As English and Welsh law (together called ‘English’) now stand, there is no means for a child to enforce the UNCRC if the national government does not do so. By contrast, article 24 of the Charter of Fundamental Rights of the European Union (CFREU) is enforceable in the Court of Justice of the European Union. Article 24 is in stronger terms than UNCRC article 12. It states:
1. Children … may express their views freely. Such views shall be taken into consideration on matters which concern them in accordance with their age and maturity.
However, unless they are replicated in English statute or procedural law – for which there are no immediate plans – rights under article 24, like those in the rest of the CFREU, will disappear on EU withdrawal ‘exit day’ (see European Union (Withdrawal) Bill clause 5(4), which abolishes the CFREU).
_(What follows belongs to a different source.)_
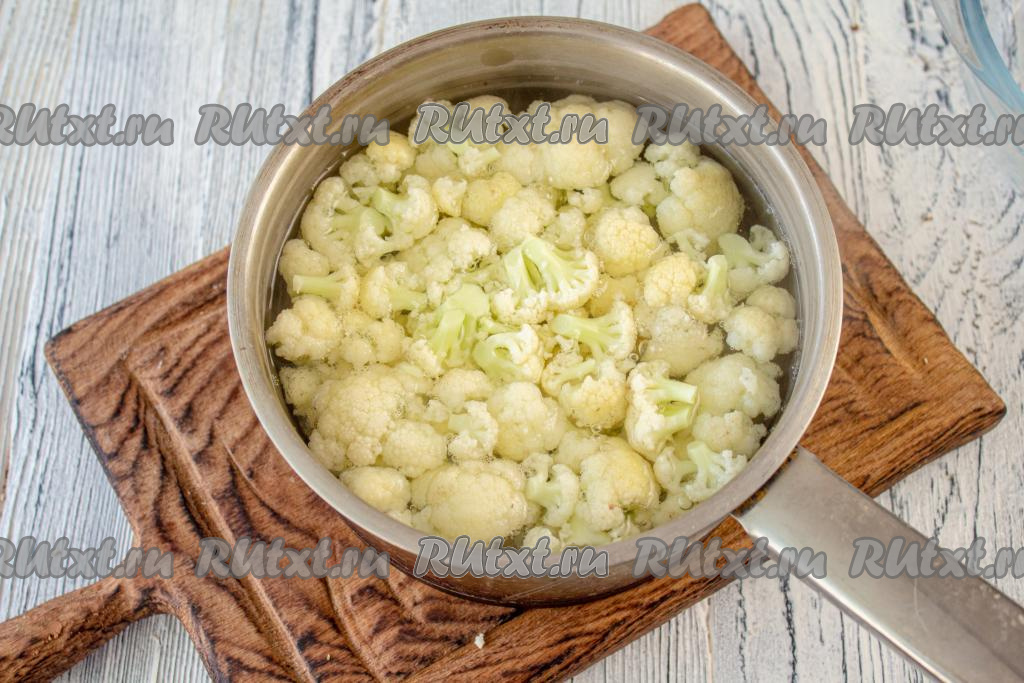 В сотейнике (или небольшой кастрюльке) вскипятите воду, подсолите и выложите соцветия свежей (или замороженной) цветной капусты, отварите с момента закипания на небольшом огне в течение 4-5 минут.

For children’s rights, Brexit is a backward step.
Children’s rights in English law
So how are a child’s rights reflected in English law? This involves considering procedural rules, mostly FPR 2010 Part 16. But first, a little history. The Children Act (CA) 1989 came into operation in October 1991, and was accompanied by the Family Proceedings Rules 1991 SI No 1247, which, in Part 9, added a fresh set of provisions. A radical departure of the new law was that children of ‘intelligence and understanding’ (per Lord Scarman in Gillick v West Norfolk and Wisbech Area Health Authority [1986] AC 112; [1986] 1 FLR 224) were accorded rights including, in what became known as private law (CA 1989 Part 2) proceedings, to make their own applications to the court (see, for example, Re CT (A Minor) (Wardship: Representation) [1993] 2 FLR 278; [1994] Fam 49, CA).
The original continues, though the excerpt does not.